Выбрать главу

Возле складов станции запахло йодоформом. Это привезли и выгружают два вагона суперфосфата. Через переезд ехали один за другим два трактора «Интернационал» с плугами нашей МТС.

Мы стояли с Зоей Васильевной под жестяным навесом дверей, ведущих на нашу лестницу. Накрапывал маленький дождик. Слева светила луна в три четверти, справа небо было свинцово и блистали молнии. Горизонт был обложен дождевыми тучами и светился темно-красной угрюмой каемкой зари, прерываемой в некоторых местах полосами дождя.

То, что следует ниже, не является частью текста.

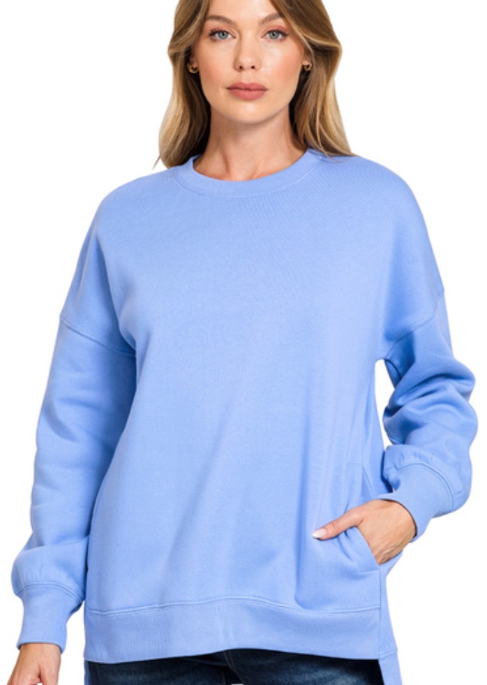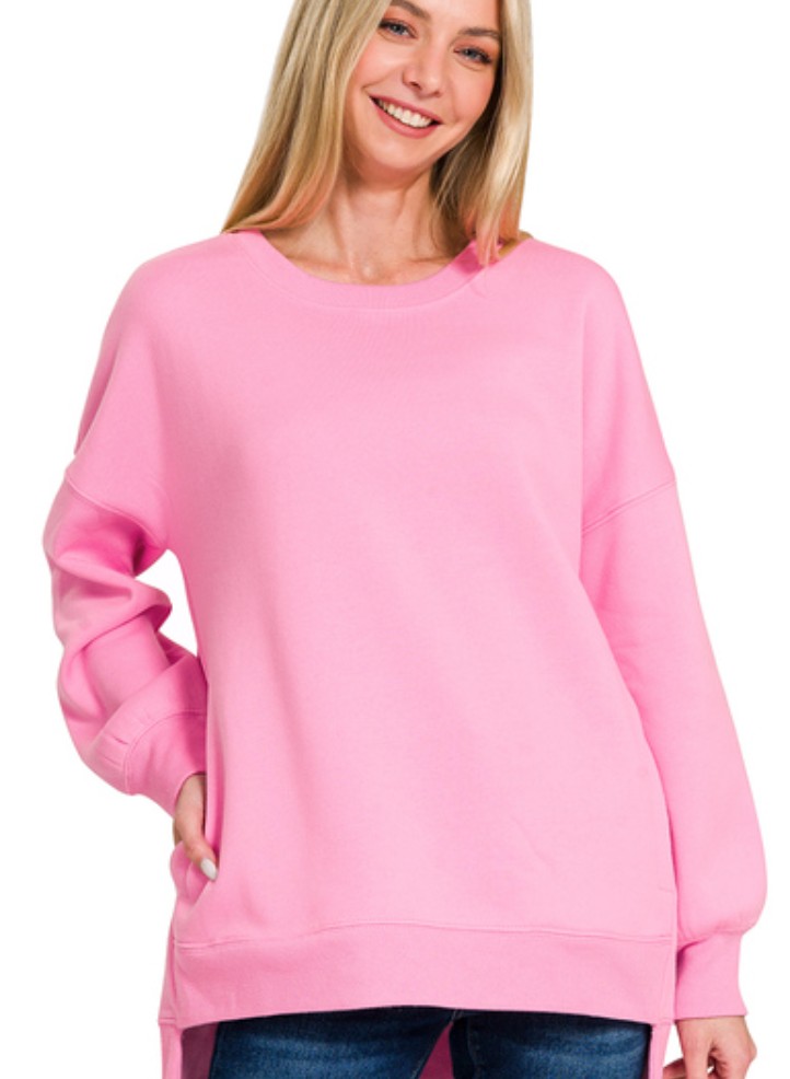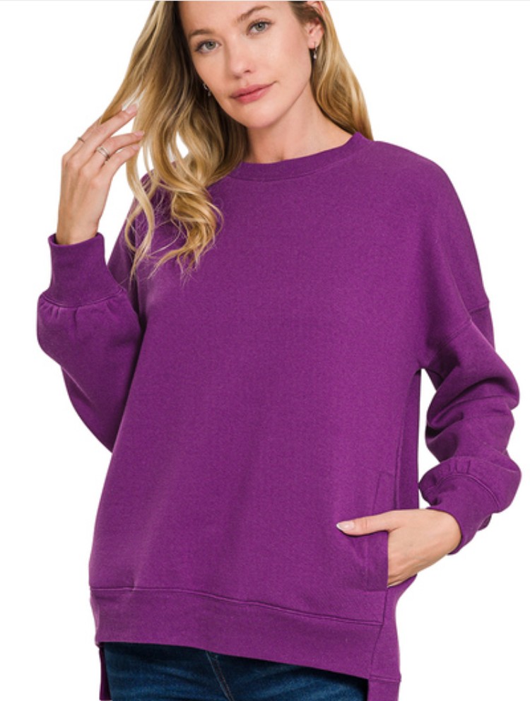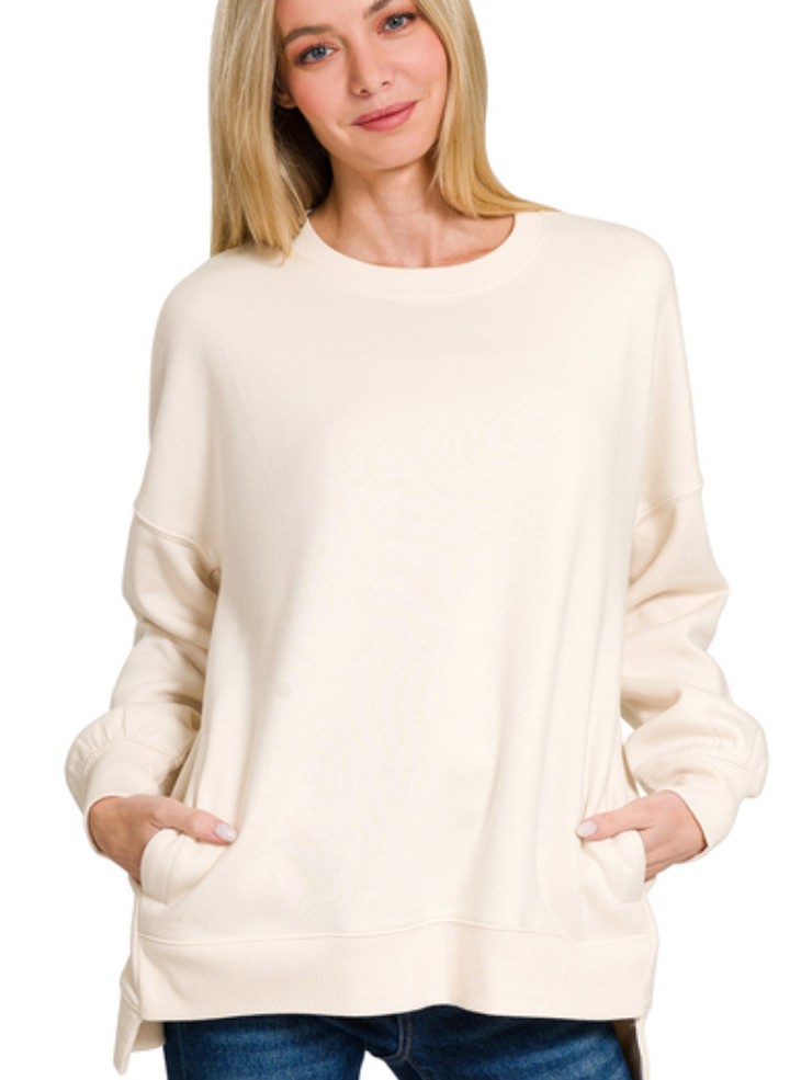 FLEECE BOYFRIEND PULLOVER WITH POCKETS
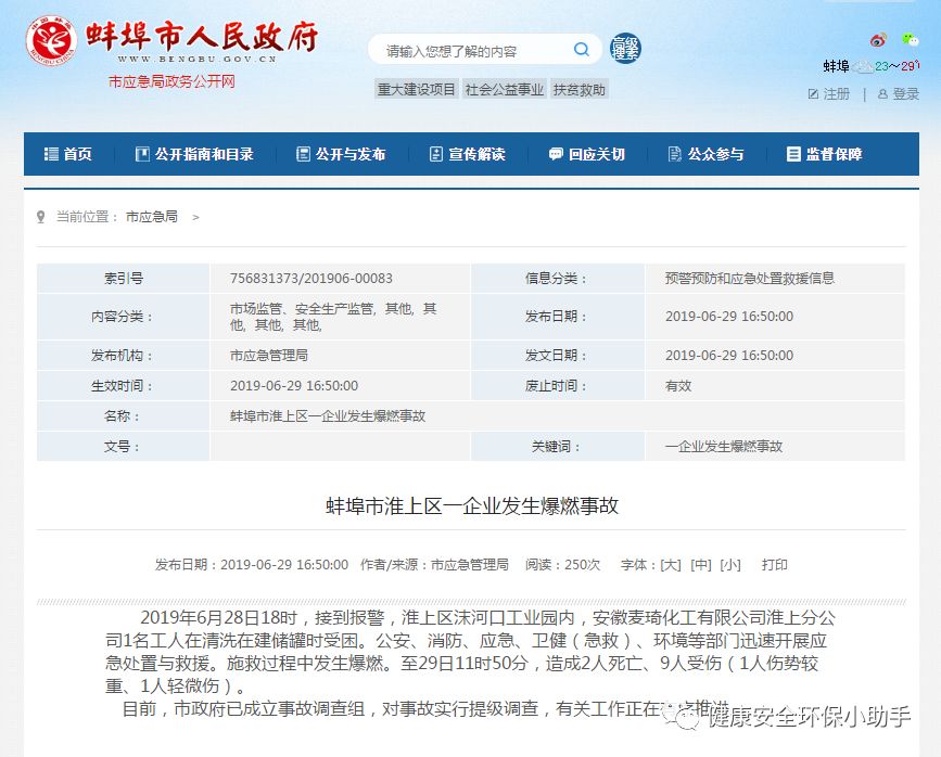 蚌埠市人民政府官網(wǎng)消息,6月28日18時(shí),接到報(bào)警,淮上區(qū)沫河口工業(yè)園內(nèi),安徽麥琦化工有限公司淮上分公司1名工人在清洗在建儲(chǔ)罐時(shí)受困。公安、消防、應(yīng)急、衛(wèi)健(急救)、環(huán)境等部門(mén)迅速開(kāi)展應(yīng)急處置與救援。施救過(guò)程中發(fā)生爆燃。至29日11時(shí)50分,造成2人死亡、9人受傷(1人傷勢(shì)較重、1人輕微傷)。

Возле дома, в палисаднике, огороженном деревянным заборчиком, цвела клумба ночной фиалки — маттиолы. Дождь усиливал и без того сильный ее запах.

Зоя Васильевна — жена Розанова — рассказывала мне:

— Я сюда приехала к мужу в апреле. Уже был вечер. Меня никто не встретил на вокзале. Женщина помогла мне донести вещи со станции сюда. Из окон выглядывали на меня любопытные.

Пошел снег.

Я спросила, здесь ли Розанов, — может быть, его вообще здесь нет и я не туда приехала. Сказали — здесь, помогли внести вещи и привели меня прямо к нему в кабинет.

Я попала как раз на бурное заседание. Он едва со мной поздоровался.

Тут я увидела всех.

Они ужасно спорили насчет какого-то теленка.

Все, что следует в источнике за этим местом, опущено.